During chronic HIV and SIV infections, the majority of viral replication occurs within lymphoid follicles. In a pilot study, infusion of SIV-specific CD4-MBL-CAR-T cells expressing the follicular homing receptor, CXCR5, led to follicular localization of the cells and a reduction in SIV viral loads in rhesus macaques. However, the CAR-T cells failed to persist. We hypothesized that temporary disruption of follicles would create space for CAR-T cell engraftment and lead to increased abundance and persistence of CAR-T cells. In this study we treated SIV-infected rhesus macaques with CAR-T cells and preconditioned one set with anti-CD20 antibody to disrupt the follicles. We evaluated CAR-T cell abundance and persistence in four groups of SIVmac239-infected and ART-suppressed animals: untreated, CAR-T cell treated, CD20 depleted, and CD20 depleted/CAR-T cell treated. In the depletion study, anti-CD20 was infused one week prior to CAR-T infusion and cessation of ART. Anti-CD20 antibody treatment led to temporary depletion of CD20+ cells in blood and partial depletion in lymph nodes. In this dose escalation study, there was no impact of CAR-T cell infusion on SIV viral load. However, in both the depleted and non-depleted animals, CAR-T cells accumulated in and around lymphoid follicles and were Ki67+. CAR-T cells increased in number in follicles from 2 to 6 days post-treatment, with a median 15.2-fold increase in follicular CAR-T cell numbers in depleted/CAR-T treated animals compared to an 8.1-fold increase in non-depleted CAR-T treated animals. The increase in CAR T cells in depleted animals was associated with a prolonged elevation of serum IL-6 levels and a rapid loss of detectable CAR-T cells. Taken together, these data suggest that CAR-T cells likely expanded to a greater extent in depleted/CAR-T cell treated animals.

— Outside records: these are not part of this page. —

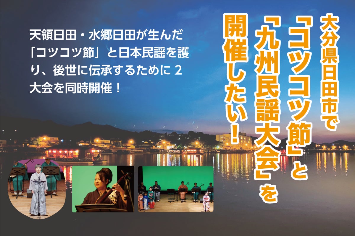 民謡に触れてもらう機会を増やしていきたいと、九州各地で歌い手として活動するメンバーが集まり、今回「九州民謡王座決定戦」の開催と、日田伝統の民謡「コツコツ節」の全国大会を開催したいと思っています。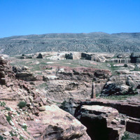 Jordan. Petra, obelisks near High Place of Sacrifice, remains of Nabataean fort to left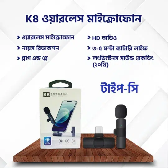 - ✅ ব্লুটুথ ওয়্যারলেস মাইক্রোফোন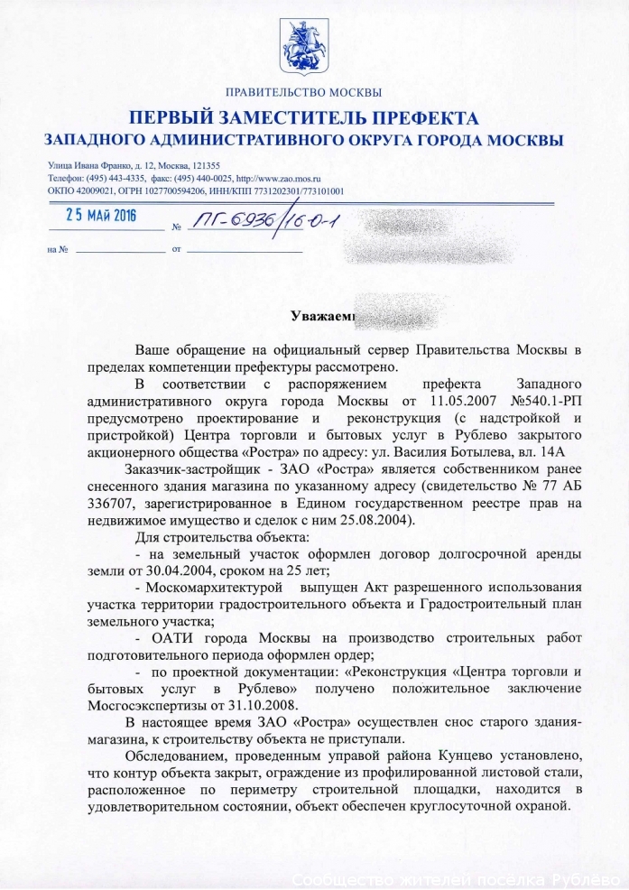 2. На текущий момент нет разрешения от МосГосСтройНадзора.

Further studies are needed to elucidate mechanisms mediating the rapid loss of CAR-T cells and to evaluate strategies to improve engraftment and persistence of HIV-specific CAR-T cells. The potential for an inflammatory cytokine response appears to be enhanced with anti-CD20 antibody treatment and future studies may require CRS control strategies. These studies provide important insights into cellular immunotherapy and suggest future studies for improved outcomes.

摘要

在慢性 HIV 和 SIV 感染期间,大多数病毒复制发生在淋巴滤泡内。在一项初步研究中,输注表达滤泡归巢受体 CXCR5 的 SIV 特异性 CD4-MBL-CAR-T 细胞导致细胞在滤泡内定位,并降低恒河猴体内的 SIV 病毒载量。然而,CAR-T 细胞未能持续存在。我们假设暂时破坏滤泡会为 CAR-T 细胞植入腾出空间,并导致 CAR-T 细胞的丰度和持久性增加。在这项研究中,我们用 CAR-T 细胞治疗 SIV 感染的恒河猴,并对一组 CAR-T 细胞用抗 CD20 抗体预处理以破坏滤泡。我们评估了在四组 SIVmac239 感染和 ART 抑制的动物中的 CAR-T 细胞丰度和持久性:未治疗、CAR-T 细胞治疗、CD20 耗尽和 CD20 耗尽/CAR-T 细胞治疗。在耗竭研究中,抗 CD20 在 CAR-T 输注前一周和 ART 停止时输注。抗 CD20 抗体治疗导致血液中 CD20+细胞暂时耗竭,并在淋巴结中部分耗竭。在这项剂量递增研究中,CAR-T 细胞输注对 SIV 病毒载量没有影响。然而,在耗竭和非耗竭的动物中,CAR-T 细胞在淋巴滤泡内和周围积聚,并呈 Ki67+阳性。CAR-T 细胞在治疗后 2 至 6 天在滤泡中数量增加,与非耗竭 CAR-T 治疗动物相比,耗竭/CAR-T 治疗动物滤泡中 CAR-T 细胞数量中位数增加 15.2 倍,而非耗竭 CAR-T 治疗动物增加 8.1 倍。耗竭动物中 CAR-T 细胞的增加与血清 IL-6 水平的升高和可检测到的 CAR-T 细胞的迅速丧失有关。总之,这些数据表明,CAR-T 细胞在耗竭/CAR-T 细胞治疗动物中可能更广泛地扩增。需要进一步研究来阐明介导 CAR-T 细胞迅速丧失的机制,并评估改善 HIV 特异性 CAR-T 细胞植入和持久性的策略。抗 CD20 抗体治疗似乎增强了细胞因子反应的潜力,未来的研究可能需要控制细胞因子释放综合征的策略。这些研究为细胞免疫治疗提供了重要的见解,并提出了改善结果的未来研究。